» **What the task requires**
Beginning with the line that holds "В кареточной трубе" and finishing with the line that holds "El Ministerio del", repeat the listing exactly, leaving every picture out.

» **Listed records**
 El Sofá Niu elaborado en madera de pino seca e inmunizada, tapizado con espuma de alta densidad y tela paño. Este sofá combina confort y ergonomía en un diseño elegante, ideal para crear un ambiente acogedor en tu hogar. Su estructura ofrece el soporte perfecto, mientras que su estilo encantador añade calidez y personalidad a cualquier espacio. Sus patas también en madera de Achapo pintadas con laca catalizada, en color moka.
==
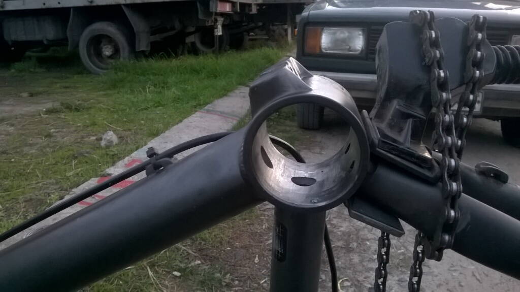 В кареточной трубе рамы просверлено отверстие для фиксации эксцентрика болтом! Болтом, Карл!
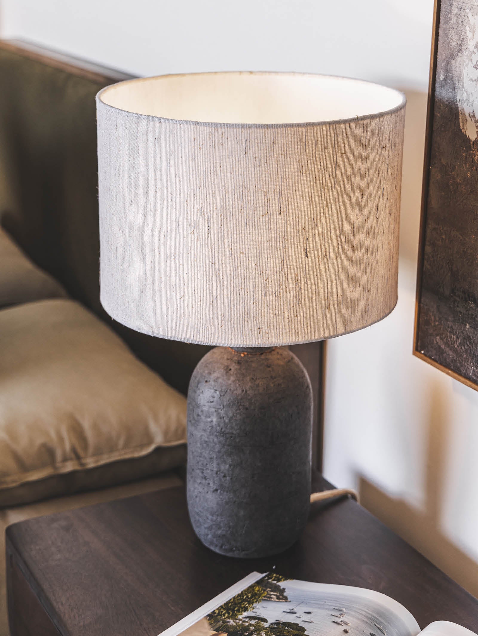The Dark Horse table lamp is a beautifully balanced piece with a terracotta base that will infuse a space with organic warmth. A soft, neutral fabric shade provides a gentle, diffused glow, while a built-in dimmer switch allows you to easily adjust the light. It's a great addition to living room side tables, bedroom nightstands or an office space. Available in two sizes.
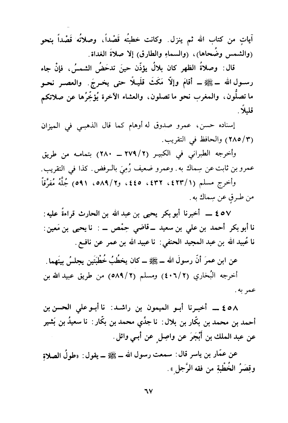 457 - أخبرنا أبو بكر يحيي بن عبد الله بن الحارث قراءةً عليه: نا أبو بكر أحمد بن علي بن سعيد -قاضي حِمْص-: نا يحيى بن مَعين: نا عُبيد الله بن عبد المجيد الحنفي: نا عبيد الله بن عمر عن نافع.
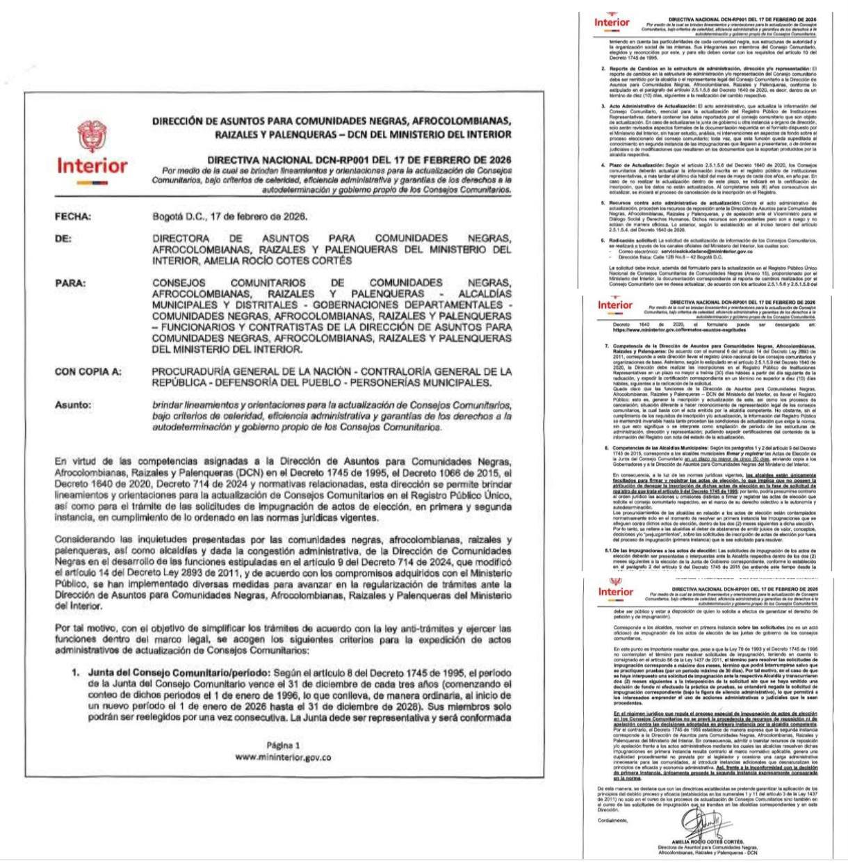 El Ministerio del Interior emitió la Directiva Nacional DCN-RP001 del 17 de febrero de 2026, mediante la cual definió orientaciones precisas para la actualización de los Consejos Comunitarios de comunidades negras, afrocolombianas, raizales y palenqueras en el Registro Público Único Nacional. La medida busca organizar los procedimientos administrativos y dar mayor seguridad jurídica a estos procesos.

» **Your response**
 В кареточной трубе рамы просверлено отверстие для фиксации эксцентрика болтом! Болтом, Карл!
The Dark Horse table lamp is a beautifully balanced piece with a terracotta base that will infuse a space with organic warmth. A soft, neutral fabric shade provides a gentle, diffused glow, while a built-in dimmer switch allows you to easily adjust the light. It's a great addition to living room side tables, bedroom nightstands or an office space. Available in two sizes.
 457 - أخبرنا أبو بكر يحيي بن عبد الله بن الحارث قراءةً عليه: نا أبو بكر أحمد بن علي بن سعيد -قاضي حِمْص-: نا يحيى بن مَعين: نا عُبيد الله بن عبد المجيد الحنفي: نا عبيد الله بن عمر عن نافع.
 El Ministerio del Interior emitió la Directiva Nacional DCN-RP001 del 17 de febrero de 2026, mediante la cual definió orientaciones precisas para la actualización de los Consejos Comunitarios de comunidades negras, afrocolombianas, raizales y palenqueras en el Registro Público Único Nacional. La medida busca organizar los procedimientos administrativos y dar mayor seguridad jurídica a estos procesos.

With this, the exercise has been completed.